- _Task item_: Output, verbatim and without pictures, the lines from the first line of the listing through the line containing "Ông Phạm Văn".
-- Information supplied follows --
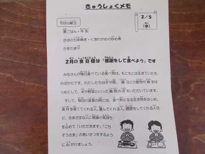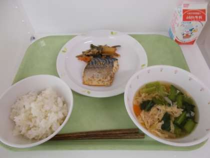 献立は、麦ごはん、牛乳、鯖の七味焼き、茎わかめの炒め煮、かきたま汁でした。
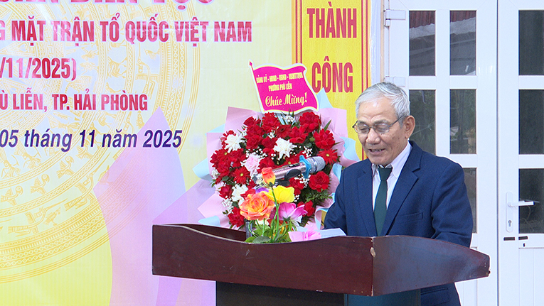 Ông Phạm Văn Chung – Trưởng ban công tác Mặt trận tổ dân phố trình bày Diễn văn kỷ niệm 95 năm Ngày Truyền thống Mặt trận Tổ quốc Việt Nam
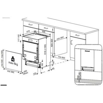 - Type d’ouverture de porte : si votre plinthe mesure 9 cm ou moins, seul un lave vaisselle porte à glissière compatible plinthes basses sera adapté à votre cuisine. Cependant, si votre plinthe mesure plus de 9 cm, tous les systèmes d’ouverture de porte seront compatibles avec votre cuisine.
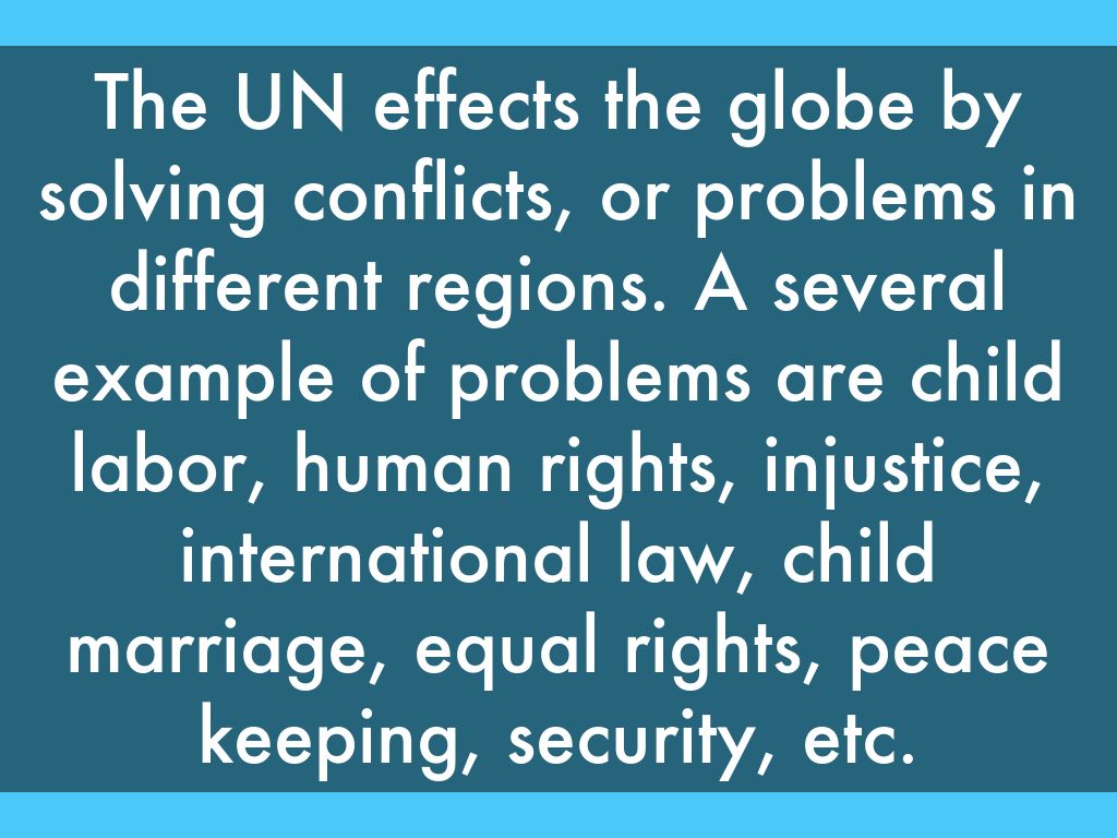 The UN effects the globe by solving conflicts, or problems in different regions. A several example of problems are child labor, human rights, injustice, international law, child marriage, equal rights, peace keeping, security, etc.
-- Information supplied concluded --
- _Task solution_:
 献立は、麦ごはん、牛乳、鯖の七味焼き、茎わかめの炒め煮、かきたま汁でした。
 Ông Phạm Văn Chung – Trưởng ban công tác Mặt trận tổ dân phố trình bày Diễn văn kỷ niệm 95 năm Ngày Truyền thống Mặt trận Tổ quốc Việt Nam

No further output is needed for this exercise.